Triple-negative breast cancer is one of the most lethal cancers. Despite advances with the introduction of poly (ADP-ribose) polymerase 1 inhibitors (PARPi) for patients with BRCA1/2 mutations, therapeutic resistance, early relapse and poor survival are still a reality. In this way, liposomes emerged as a versatile and widely studied platform for the delivery of biologically active molecules due to their ability to enhance the therapeutic efficacy of these agents and significantly minimize side effects.

A new liposomal formulation containing a synergistic combination of a PARPi and a copper complex, called LUV/CBP-01N-PARPi, was evaluated for its antitumor potential in an in vivo chorioallantoic membrane (CAM) model using chicken embryos bearing TNBC.

Previously, an in vivo toxicity assay was conducted using the CAM model of chicken embryos, in which windows were opened in the shells of fertile chicken eggs on the 7th day of incubation. The membrane was removed from the underlying CAM vascular membrane and the treatments were inserted into the window and CAM. For LUV/CBP-01N-PARPi, five serial dilutions were used. Treatments with free CBP-01N and PARPi and with the combination of both (CBP-01N-PARPi) were also included. Treatments with the dilution vehicles PBS 1 × and dimethyl sulfoxide were also carried out. In each group, five eggs were included. After 8 days, the live embryos were euthanized, weighed and macroscopic lesions were evaluated. For the inhibition assay, a xenograft was performed using human triple-negative breast cancer cells (MDA-MB-231) on the CAM. Matrigel and the LUV/CBP-01N-PARPi treatment were inoculated. Treatments with control LUV, 1 × PBS, DMSO and CBP-01N-PARPi/free were also included. For each group, 10 eggs were separated, and, on the 14th day, they were opened to evaluate the size of the tumor mass. The entire procedure with Gallus gallus domesticus embryos was authorized by the Ethics Committee on the Use of Animals (CEUA), under Protocol n° 23117.081885/2023-22.
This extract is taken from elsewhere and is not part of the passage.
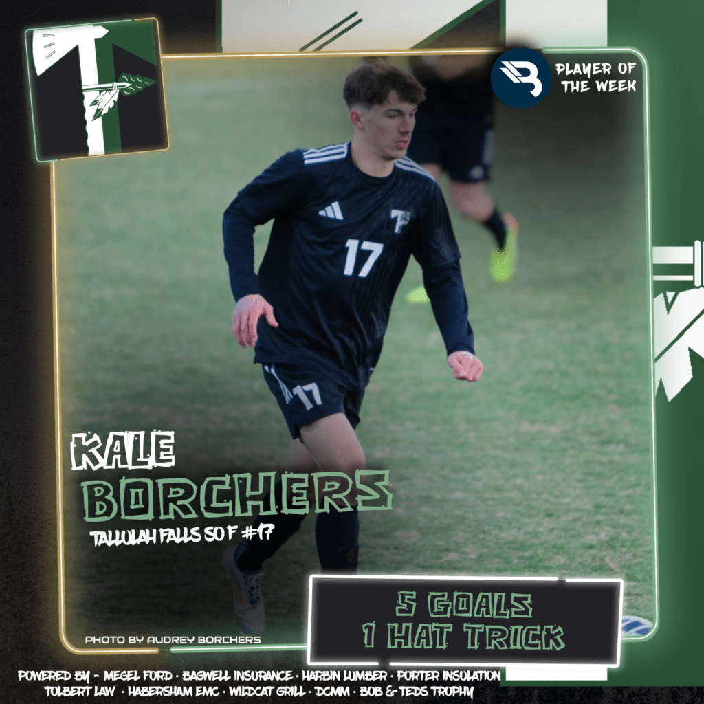 TFS standout sophomore Kale Borchers has long been scoring goals. For #2-ranked Tallulah Falls last week, the Indians’ forward notched five goals, including a hat trick. This is his 1st POW award.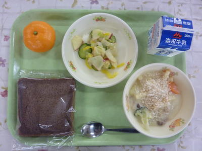 ココアパン、グラタン風シチュー、フレンチサラダ、みかん、牛乳

In the toxicity assay, survival, weight loss, and malformations in the internal organs of the embryo were evaluated. Starting from the fourth dilution, 80% survival was achieved and only one hepatic alteration was observed, which was then selected for the antitumor assay. In the treatments with PBS, DMSO, and control LUV, tumor masses with prominent vascularization were observed. In the treatment with CBP-01N-PARPi-free the tumor was formed but with a smaller volume compared to the controls. However, the most pronounced effect was observed in the treatment with LUV/CBP-01N-PARPi, where a small, dark, and friable mass was present. These findings suggest that the nanostructured system enhances the release of the synergistic agents, potentiating the antitumorigenic effect. Controlling the progression of TNBC cells is important to inhibit tumor progression processes such as metastasis.

LUV/CBP-01N-PARPi proved to be promising in inhibiting the progression of TNBC cells. Additional assays are being conducted to validate the antitumor effect. However, the potential of LUV/CBP-01N-PARPi as an innovative strategy for the treatment of TNBC is undeniable.